Clinical Scorecard: Indiana Community Advocates for Continuation of Needle Exchange Program Following Presidential Directive
At a Glance
Category
Detail
Condition
Intravenous drug use and associated infectious diseases (HIV, hepatitis C)
Key Mechanisms
Harm reduction via syringe exchange programs providing sterile needles, naloxone, testing, and referrals to treatment
Target Population
Intravenous drug users at risk of infectious disease and overdose
Care Setting
Community health departments and syringe services programs
Key Highlights
Syringe exchange programs reduce HIV and hepatitis C incidence by approximately 50% and have a 92% syringe return rate in Clark County.
Federal restrictions limit funding for supplies like cookers and tourniquets, but programs use private funds to continue distribution.
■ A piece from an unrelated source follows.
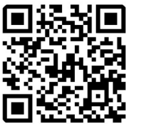
SCAN HERE TO GIVE

Give online on our website at https://stjohnsumctc.org/giving/ Text "GIVE" to (409) 226-0450 or Scan the QR CODE and then follow prompts. Thank you for your generosity and blessing!

Programs provide comprehensive services including naloxone distribution, disease testing, and referrals to drug treatment, improving public health outcomes.
Guideline-Based Recommendations
Diagnosis
Offer HIV and hepatitis C testing to intravenous drug users at syringe exchange sites.
Management
Provide sterile needles and injection supplies to prevent disease transmission.
Distribute naloxone to reverse opioid overdoses.
Offer education, counseling, and referrals to drug treatment programs.
Monitoring & Follow-up
Track syringe return rates to assess program engagement and effectiveness.
Monitor overdose reversals and referrals to treatment services.
Risks
Potential political and funding challenges may limit access to sterile supplies.
Risk of continued intravenous drug use despite harm reduction efforts.
Patient & Prescribing Data
Intravenous drug users participating in syringe exchange programs
Programs have facilitated over 27,000 treatment referrals and nearly 25,000 naloxone overdose reversals statewide, demonstrating effectiveness in harm reduction and linkage to care.
Clinical Best Practices
Maintain nonjudgmental, compassionate engagement with participants to encourage treatment readiness.
Utilize private funding sources to sustain supply distribution when federal funds are restricted.
Integrate comprehensive services including testing, education, and social support referrals within syringe exchange programs.